Der Panoramaweg verläuft aussichtsreich über die Gemarkungen Pellingen, Krettnach und Oberemmel. Vom Sportplatz Pellingen aus führt der Weg am Ortsrand zum Ehrenmal Höthkopf und zu einer herrlichen Aussicht auf den Osburger Hochwald. Kurz darauf öffnet sich der Blick ins Konzer Tälchen mit seinen zahlreichen Weinbergen. Zunächst bergab, dann steil bergauf wandernd wird dann das Gipfelkreuz auf dem Karlskopf erreicht. Nach einem Waldstück mit alten Baumbeständen bietet sich die Kapelle in den Weinbergen von Oberemmel als Rastplatz an. Durch das Waldgebiet am Langwiesbach führt der Wanderweg zur Schanzenhütte und endet am Sportplatz von Pellingen.

Anfahrtbeschreibung
Startpunkt: Pellingen, Sportplatz
Zielpunkt der Tour: Pellingen, Sportplatz

Länge: 18 km
Charakter: Wanderung auf breiten Wald- und Forstwegen
Markierung: Maria-Croon-Weg-Logo, braunes Mühlrad auf weißem Grund

Maria Croon wurde am 13. Mai 1891 als Maria Brittnacher im kleinen Dorf Meurich im Saargau geboren. Die lebensnahe Heimatdichterin widmete sich in ihren Gedichten und Schriften hauptsächlich realen Personen aus ihrem direkten Umfeld und zeichnete so ein detailgenaues Bild der damaligen Verhältnisse zwischen Mosel, Leuk und Saar.

Als gelernte Lehrerin unterrichtete sie an verschiedenen Dorfschulen, heiratete schliesslich ihren Kollegen Nikolaus Croon und ließ sich gemeinsam mit ihm in Britten bei Losheim nieder. Dort starb sie im März 1983. Begraben ist sie in ihrem Heimatdorf Meurich.

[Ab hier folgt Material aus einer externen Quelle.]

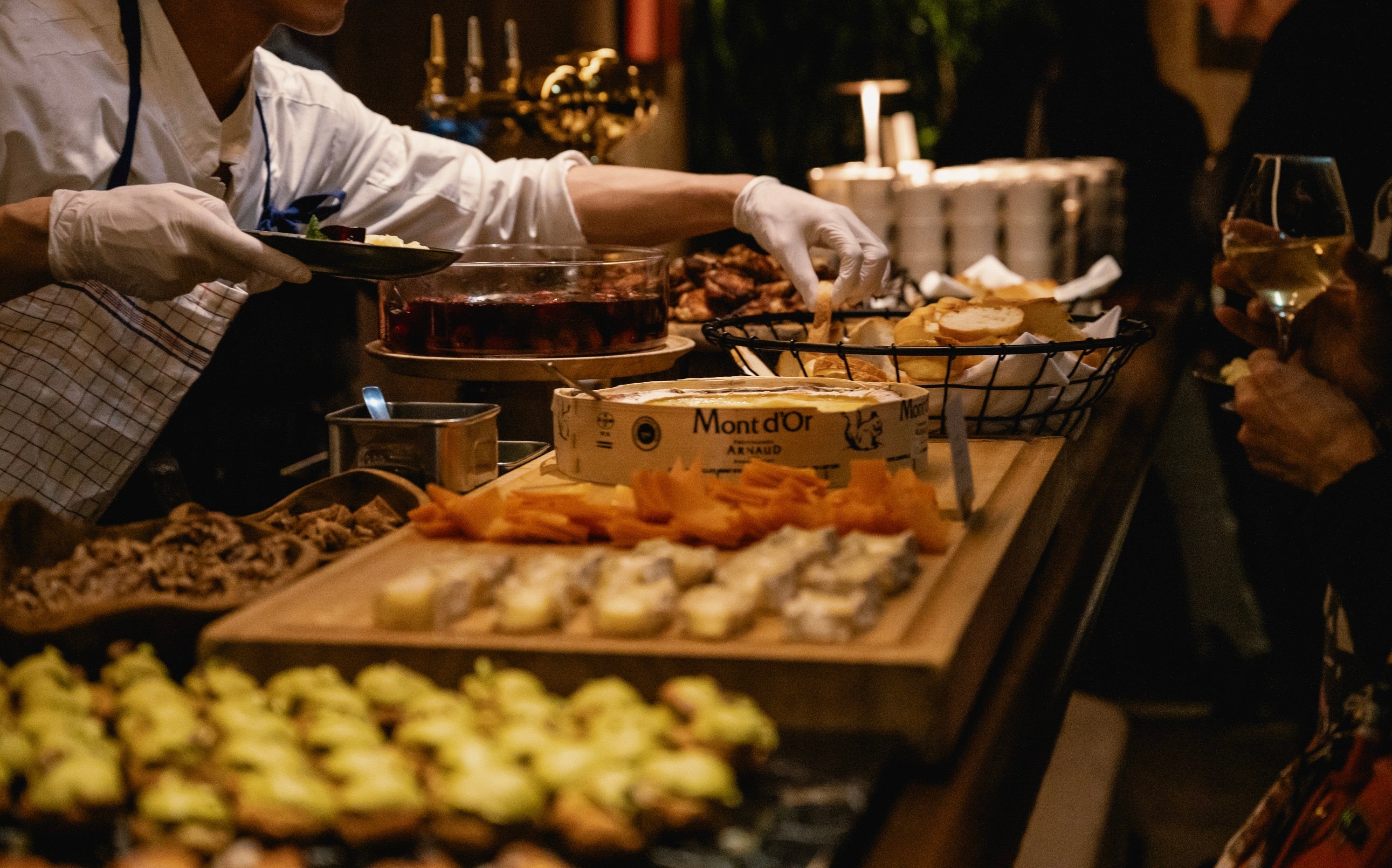⿊岩⼟鶏冷製ハム/セロリラーブとカニのパスカード/カシューナッツのヴィーガンディップ/豚頬⾁コンフィの⾹草ブイヨン/桜鯛・桜エビと⼭菜のプレッセ/もち豚とキャベツ・⾙柱シュウマイ/デコポンと⼋朔・⾦柑のサラダ/カヌレ2種(⾹草バター・いちじくバター)/蝦夷⿅⾁とプラムのコンポート/⽩レバーのムース・⾚ワインのジュレ/⾖乳とリコッタのムース

Der Maria-Croon-Weg läuft identisch mit dem Großwanderweg G1 von Saarburg ins saarländische Orscholz. Dabei bleibt die Route stets dem Tal der Leuk treu. Schon deshalb ist ein Start an der Leukmündung eigentlich Pflicht.

Der Jakobusweg von Echternach über Trier und Konz nach Perl bietet auf einer Länge von 74 km eine große Vielfalt kulturhistorischer Besonderheiten und landschaftlicher Eindrücke entlang der »grünen« Staatsgrenze Luxemburg-Deutschland.

Der Jakobusweg von Echternach nach Perl ist Teil des europaweiten Netzes an Jakobuswegen, das sich im Mittelalter ausgehend von Santiago de Compostela im spanischen Nordwesten, über Südeuropa, Frankreich, Deutschland bis zu den Britischen Inseln, Skandinavien und Osteuropa gebildet hat.